### What is expected
The listing is to be reproduced exactly, excluding its pictures.

### Dataset section
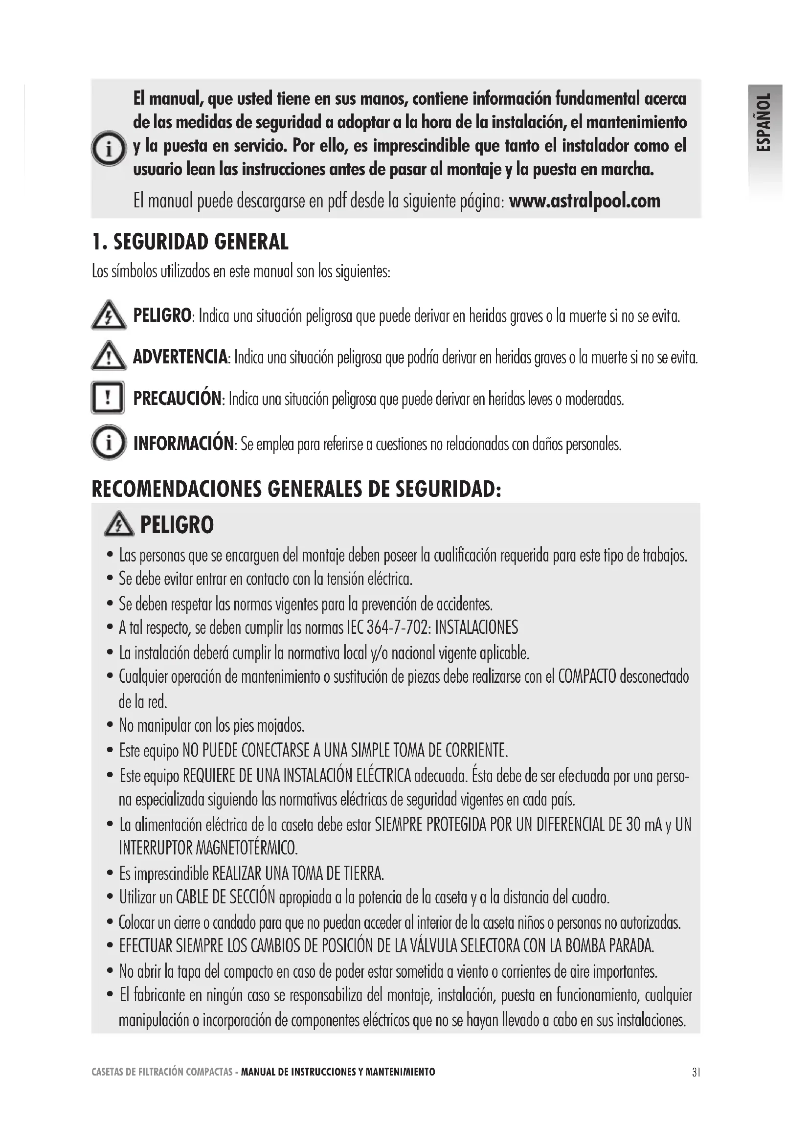 Los símbolos utilizados en este manual son los siguientes: PELIGRO: Indica una situación peligrosa que puede derivar en heridas graves o la muerte si no se evita. ADVERTENCIA: Indica una situación peligrosa que podría derivar en heridas graves o la muerte si no se evita. PRECAUCIÓN: Indica una situación peligrosa que puede derivar en heridas leves o moderadas. INFORMACIÓN: Se emplea para referirse a cuestiones no relacionadas con daños personales. El manual, que usted tiene en sus manos, contiene información fundamental acerca de las medidas de seguridad a adoptar a la hora de la instalación, el mantenimiento y la puesta en servicio. Por ello, es imprescindible que tanto el instalador como el usuario lean las instrucciones antes de pasar al montaje y la puesta en marcha. El manual puede descargarse en pdf desde la siguiente página: www.astralpool.com PELIGRO
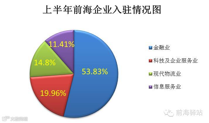 从入驻企业的产业分类来看,金融创新作为前海承担的发展使命和重点改革方向,随着自贸区的挂牌也迎来了政策叠加优势,金融类企业数量继续领跑。今年上半年,入驻前海的金融业企业就新增7389家,其中仅6月份就新增1726家,这将该类企业的总数推至18848家,较年初增长64.4%,占到前海企业总数的53.8%。
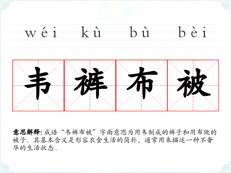 成语“韦裤布被”字面意思为用韦制成的裤子和用布做的被子。其基本含义是形容衣食生活的简朴,通常用来描述一种不奢华的生活状态。

### Answer to the problem
 Los símbolos utilizados en este manual son los siguientes: PELIGRO: Indica una situación peligrosa que puede derivar en heridas graves o la muerte si no se evita. ADVERTENCIA: Indica una situación peligrosa que podría derivar en heridas graves o la muerte si no se evita. PRECAUCIÓN: Indica una situación peligrosa que puede derivar en heridas leves o moderadas. INFORMACIÓN: Se emplea para referirse a cuestiones no relacionadas con daños personales. El manual, que usted tiene en sus manos, contiene información fundamental acerca de las medidas de seguridad a adoptar a la hora de la instalación, el mantenimiento y la puesta en servicio. Por ello, es imprescindible que tanto el instalador como el usuario lean las instrucciones antes de pasar al montaje y la puesta en marcha. El manual puede descargarse en pdf desde la siguiente página: www.astralpool.com PELIGRO
 从入驻企业的产业分类来看,金融创新作为前海承担的发展使命和重点改革方向,随着自贸区的挂牌也迎来了政策叠加优势,金融类企业数量继续领跑。今年上半年,入驻前海的金融业企业就新增7389家,其中仅6月份就新增1726家,这将该类企业的总数推至18848家,较年初增长64.4%,占到前海企业总数的53.8%。
 成语“韦裤布被”字面意思为用韦制成的裤子和用布做的被子。其基本含义是形容衣食生活的简朴,通常用来描述一种不奢华的生活状态。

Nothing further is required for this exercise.